Fear is ugly, and it makes people do and say awful things to each other. And the proposed community center and mosque near Ground Zero has, and rightly so, stirred the passions and emotions of many. But we cannot allow one group of 9/11 victims to demand that other 9/11 victims abrogate their core principles or change their perception of America's core values. We are all 9/11 victims, and we all have a say on this subject. And that includes the many Muslims who died that day as well, and their families. More so than anything else in this debate, American pluralism, and the U.S. Constitution which guarantees it, is what needs to be defended and honored.

5 comments:

Anonymous said...

Thanks. I agree. Another superb post. You've gained a reader.
Alternate Brain's Gordon sent me.

Athena Smith said...

Indeed, an excellent post. Sadly some years ago I heard Thomas Friedman fall into the same trap in his documentary "The roots of 9/11". A Muslim Egyptian student asks him why in America we associate "Muslim" with terrorism" and he said -to my shock- because this was true to an extent. He added we were hit by a group of Muslims not a group of Norwegians. And if we had been hit by Norwegians, the word "Oslo" would have a different meaning in the American lexicon today (which I somehow doubt. If we were hit by Norwegians, the killers would be only paranoid mass murderers. Period. Not North-European Christians.)
If a man of his intellect falls into the trap -hopefully momentarily- of equating the religion of a killer with the killer, why do we expect something different from the average citizen?
I have always believed we are far more likely to stigmatize a whole group of people who are weaker than us just to verify a distorted sense of social hierarchy...

Anonymous said...

The fact that 65 percent of Americans do not want the mosque built there is proof that we're all Americans who are concerned, not just those who lost loved ones in the attack. As someone pointed out on a TV talk show, we would not want a liquor store, albeit legitimatly built, next to the Betty Ford rehab center to remind patients nor a strip joint next to a middle school. In fact, the whole area should be a memorial park as was suggested soon after the tragedy.
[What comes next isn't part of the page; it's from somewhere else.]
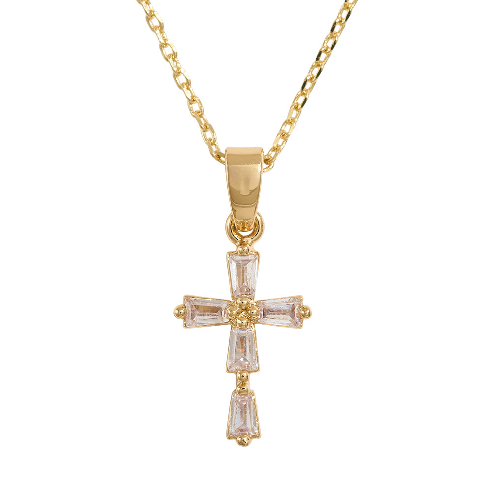 Details • Necklace Size : 16" + 2" L • Pendant Size : 0.4" X 0.7" • This cross pendant necklace showcases a sleek design with baguette-cut stones for a refined, modern touch. A timeless symbol of faith, it’s perfect for everyday wear or as a meaningful gift, offering both elegance and radiant brilliance. • CZ Cubic Zirconia • Gold Dipped • Made In Korea

For once, it would be nice if the majority had a say in the affairs of our country.

Athena Smith said...

I fail to see the analogy. You mean that if someone sees the proposed Islamic Center he might relapse into what exactly?

The majority has got it dead wrong. They are confusing Islam with radical islamism. And when I hear that we should not build the Islamic Center because we are at war with radical Islam, then someone please tell them that the proposed center will not serve radical Islam. Girls will be playing basketball in shorts over there for crying out loud.... Any idea what radical Islam would do to these girls in some Third World countries? Therefore, if you want to fight the radicals and fundamentalists, and I am with you on that one, help moderate Islam establish itself.For moderate Islam is at war with radical Islamism too. The moderates are on our side.

What the majority "wants" or in this case "understands" can never be the the guide to action. The constitution and the legal system should be. That can not be negotiated.

Realist said...

If there were a legitimate non-religious reason to deny the creation of this Muslim cultural center I would be all over it. But as it is clear that this is only fundamentalist Christian religious bigotry at work. Even Sarah Palin grudgingly allows they should have the right to build this center.

Who then is behind the opposition - and why? Enquiring minds want to know, yet where is the National Enquirer? Or any other major media outlet? Methinks something rotten in the Borough of Manhattan and it isn't just the street trash! Someone needs to expose this before it becomes unstoppable and leads to something we really don't want!